Natamycin at a concentration of 1% and its known degradation products (aponatamycin, dinatamycinolidediol, and mycosamine) at 0.5% and at pH and nitrite conditions similar to those in preserved food products such as cheese and sausages, were reported to have no mutagenic activity in B. subtilis under the conditions tested. No actual data were presented to verify this statement (Khoudokormoff, 1978).

Groups of 10 male rats taken from the second litters of the F₁ generation in a three-generation study of reproductive toxicity (see below) were fed on control diet until sexually mature, when they received natamycin at 0, 5, 15, 50, or 100 mg/kg bw daily for 7 days by gastric intubation. Each rat was mated each week for 8 consecutive weeks with two virgin untreated females. Each female was killed and examined 13 days after mating. No differences were found between control and test animals in respect of the numbers of implantation sites or live or dead fetuses or the mutagenic index (Cox et al., 1973).
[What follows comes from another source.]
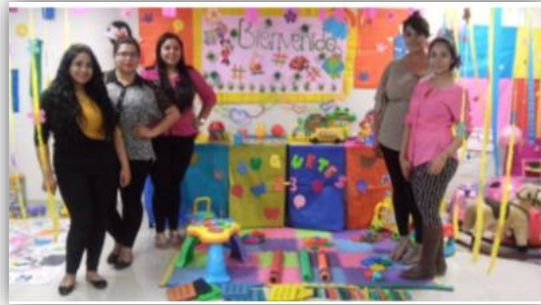
Exposición “Juegos y Juguetes para Niños de 1 a 6 años”

Five males and five females were selected at random from the five litters produced in the same three-generation study. The animals were given colchicine 3–4 h before being killed, and a bone-marrow preparation was made for examination for aberrant chromatin material. The number of abnormalities in the metaphase chromosomal preparations of test groups did not differ significantly from that in sham-treated controls (Cox et al., 1973).
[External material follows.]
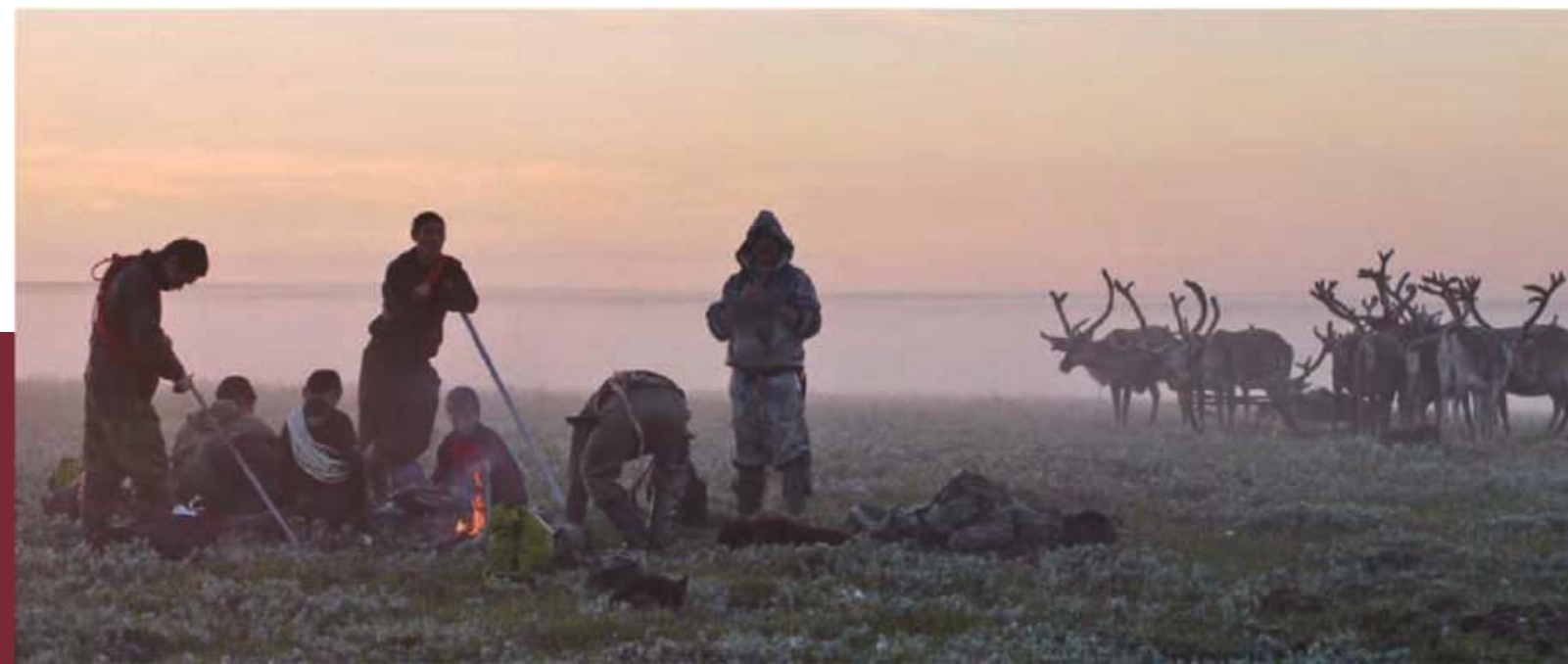
러시아 북극지역의 순록 목동들이 모닥불 주위에 모여 있다.

2.2.5 Reproductive toxicity

Groups of 10 female and five male rats receiving diets containing natamycin at a concentration of 0 or 1000 mg/kg were mated after 181 and 223 days. Other groups were mated after 48, 174, and 250 days on the diets; four control and four test female young from the second mating were fed on the same diet as their parents and mated when 107 days of age. The pups of natamycin-treated animals had lower mean body weights at weaning than control pups, but examination of the results of the 54 matings showed that their fertility, gestation, lactation, and viability indices were similar to or better than those of the controls. There was a low incidence of abnormalities among pups in this study, but none could be attributed to treatment (Levinskas et al., 1963; Levinskas, 1966).
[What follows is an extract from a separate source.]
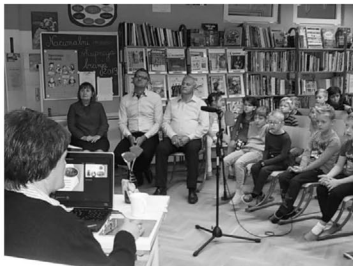
Pravljíčna ura v šolski knjižnici.

Groups of 10 male and 20 female rats were given a diet containing natamycin providing a dose of 0 (two groups), 5, 15, 50, or 100 mg/kg bw per day for 11 weeks. These formed the F₀ generation of a three-generation study of reproductive toxicity, two litters being produced in each generation. Animals at 100 mg/kg had an increased number of fetuses born dead, a decrease in the number born alive, and a decrease in the number surviving at 21 days. The weight of pups was depressed in the second litters of the F₀ and F₁ generations and both litters of the F₂ generation. However, the fertility, gestation, viability, and lactation indices were within normal limits for both litters of all three generations. The doses of 5, 15, and 50 mg/kg had no detectable effect on growth or reproduction (Cox et al., 1973).

Groups of 20 female rats from the second litters of the F₁ generation of the three-generation study of reproductive toxicity were reared to maturity on control diet and mated with untreated males. The females were given the same dose of natamycin as their parents (0, 5, 15, 50, or 100 mg/kg bw per day) by gastric intubation during the 6–15 days of gestation and were killed and examined on day 20. No differences were found between control and test animals in respect of the numbers of pregnancies, live litters, implantation sites, resorption sites, live and dead fetuses, or skeletal and soft tissue abnormalities (Cox et al., 1973).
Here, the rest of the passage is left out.